**PROBLEM TO SOLVE**
A faithful copy is needed of the lines below from the one with "Rasterećeni gosti su" up to and including the one with "pink clay. | |"; set it down with no pictures and no other lines.

[STUDY MATERIAL Boundary: Start]

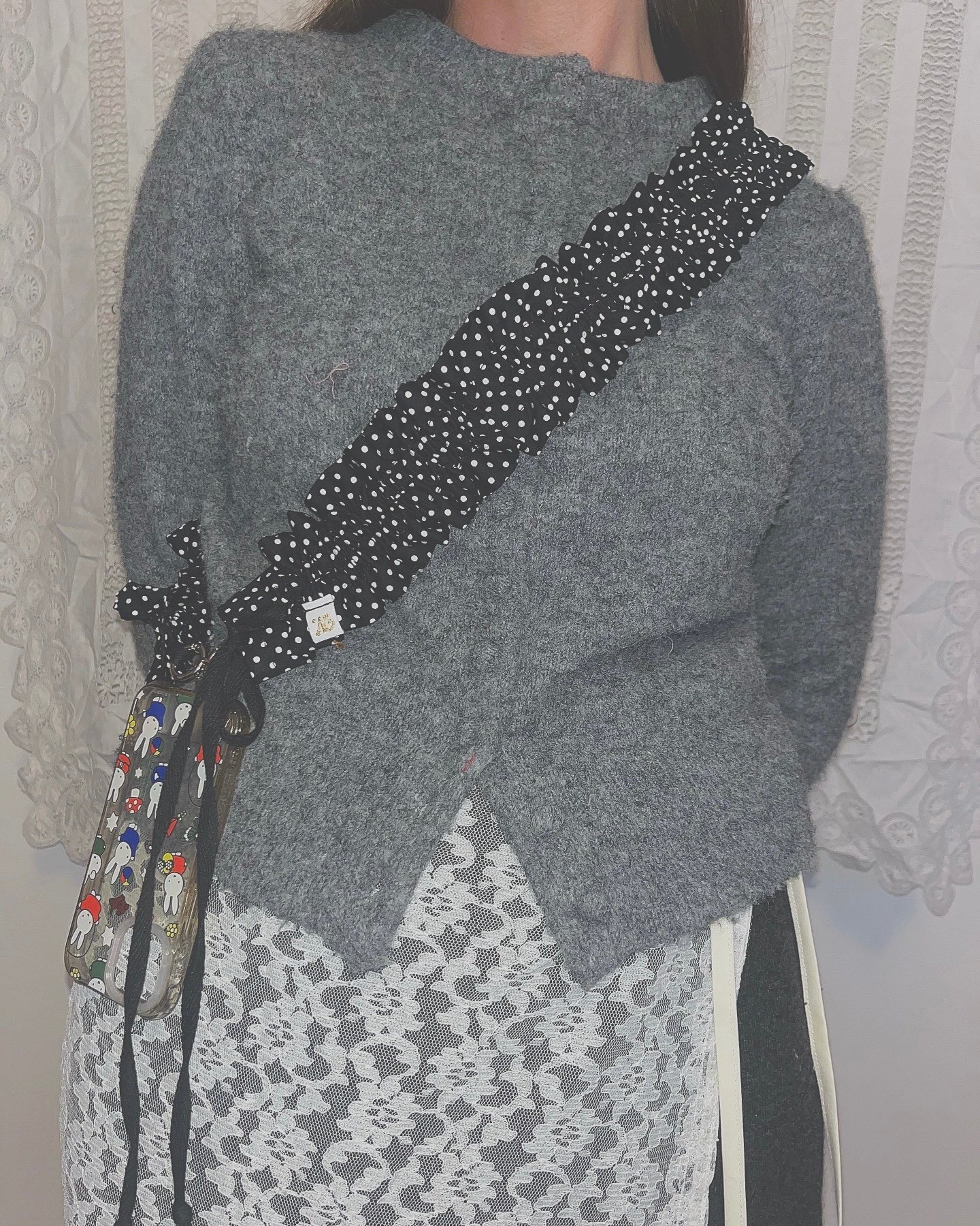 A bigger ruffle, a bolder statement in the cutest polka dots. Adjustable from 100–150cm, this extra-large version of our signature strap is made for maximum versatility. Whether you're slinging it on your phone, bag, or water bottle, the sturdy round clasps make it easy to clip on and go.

[STUDY MATERIAL Boundary: End]
[STUDY MATERIAL Boundary: Start]

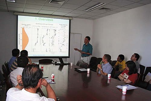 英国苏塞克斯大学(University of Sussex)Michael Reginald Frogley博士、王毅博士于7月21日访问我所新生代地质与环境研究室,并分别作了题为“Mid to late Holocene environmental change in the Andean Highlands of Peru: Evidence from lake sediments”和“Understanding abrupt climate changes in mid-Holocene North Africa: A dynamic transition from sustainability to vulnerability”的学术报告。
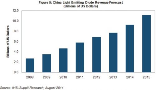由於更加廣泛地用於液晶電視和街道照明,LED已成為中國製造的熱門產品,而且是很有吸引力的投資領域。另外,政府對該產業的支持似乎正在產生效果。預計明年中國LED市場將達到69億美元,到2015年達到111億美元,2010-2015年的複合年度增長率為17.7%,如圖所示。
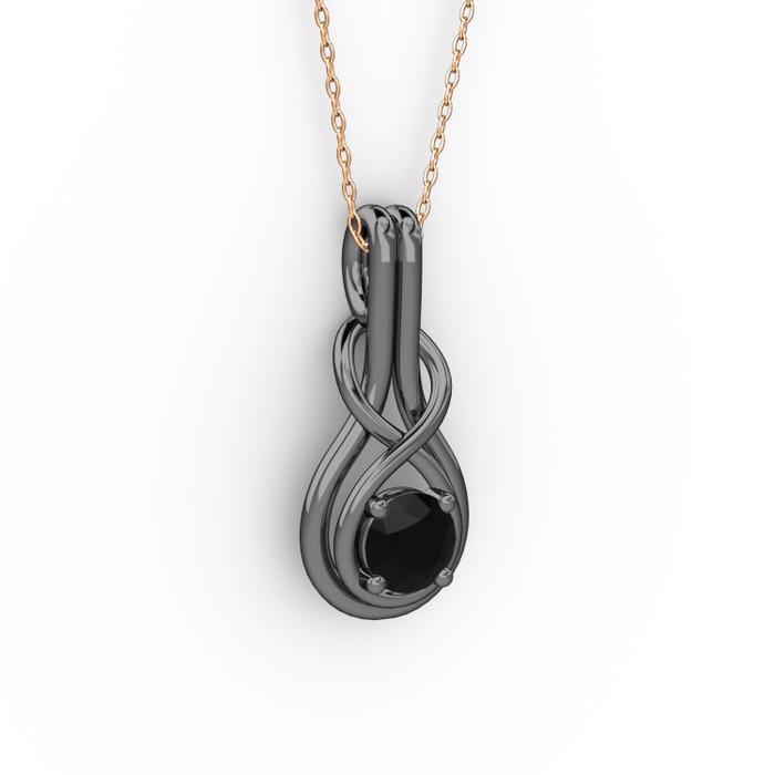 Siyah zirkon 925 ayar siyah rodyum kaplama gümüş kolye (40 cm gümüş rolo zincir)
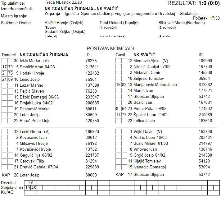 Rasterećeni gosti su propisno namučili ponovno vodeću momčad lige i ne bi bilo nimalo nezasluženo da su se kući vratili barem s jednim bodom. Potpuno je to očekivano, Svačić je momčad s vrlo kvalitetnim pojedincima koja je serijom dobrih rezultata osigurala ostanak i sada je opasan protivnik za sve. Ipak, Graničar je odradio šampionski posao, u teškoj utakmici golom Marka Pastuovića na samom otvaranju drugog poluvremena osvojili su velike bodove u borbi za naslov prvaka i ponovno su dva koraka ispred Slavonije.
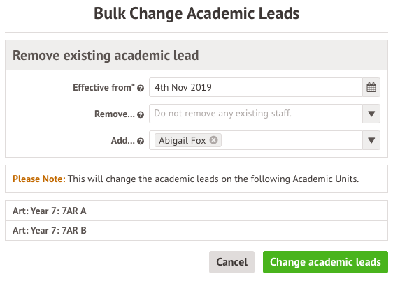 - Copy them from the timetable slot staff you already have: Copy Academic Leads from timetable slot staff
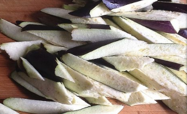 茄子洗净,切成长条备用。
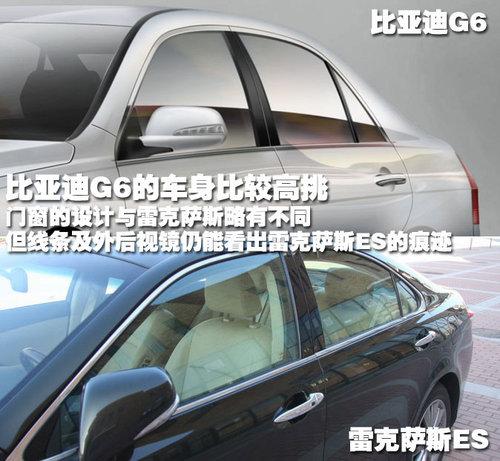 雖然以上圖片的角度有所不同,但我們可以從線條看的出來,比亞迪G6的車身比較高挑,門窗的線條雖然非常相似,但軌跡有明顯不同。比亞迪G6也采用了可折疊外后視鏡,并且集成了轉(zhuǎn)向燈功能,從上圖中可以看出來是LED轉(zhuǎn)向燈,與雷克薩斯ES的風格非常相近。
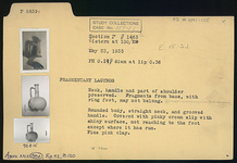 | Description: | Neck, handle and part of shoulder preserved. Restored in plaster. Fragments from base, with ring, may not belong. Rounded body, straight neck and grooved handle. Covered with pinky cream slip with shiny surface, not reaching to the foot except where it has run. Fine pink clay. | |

[STUDY MATERIAL Boundary: End]

**ANSWER SPACE**
 Rasterećeni gosti su propisno namučili ponovno vodeću momčad lige i ne bi bilo nimalo nezasluženo da su se kući vratili barem s jednim bodom. Potpuno je to očekivano, Svačić je momčad s vrlo kvalitetnim pojedincima koja je serijom dobrih rezultata osigurala ostanak i sada je opasan protivnik za sve. Ipak, Graničar je odradio šampionski posao, u teškoj utakmici golom Marka Pastuovića na samom otvaranju drugog poluvremena osvojili su velike bodove u borbi za naslov prvaka i ponovno su dva koraka ispred Slavonije.
 - Copy them from the timetable slot staff you already have: Copy Academic Leads from timetable slot staff
 茄子洗净,切成长条备用。
 雖然以上圖片的角度有所不同,但我們可以從線條看的出來,比亞迪G6的車身比較高挑,門窗的線條雖然非常相似,但軌跡有明顯不同。比亞迪G6也采用了可折疊外后視鏡,并且集成了轉(zhuǎn)向燈功能,從上圖中可以看出來是LED轉(zhuǎn)向燈,與雷克薩斯ES的風格非常相近。
 | Description: | Neck, handle and part of shoulder preserved. Restored in plaster. Fragments from base, with ring, may not belong. Rounded body, straight neck and grooved handle. Covered with pinky cream slip with shiny surface, not reaching to the foot except where it has run. Fine pink clay. | |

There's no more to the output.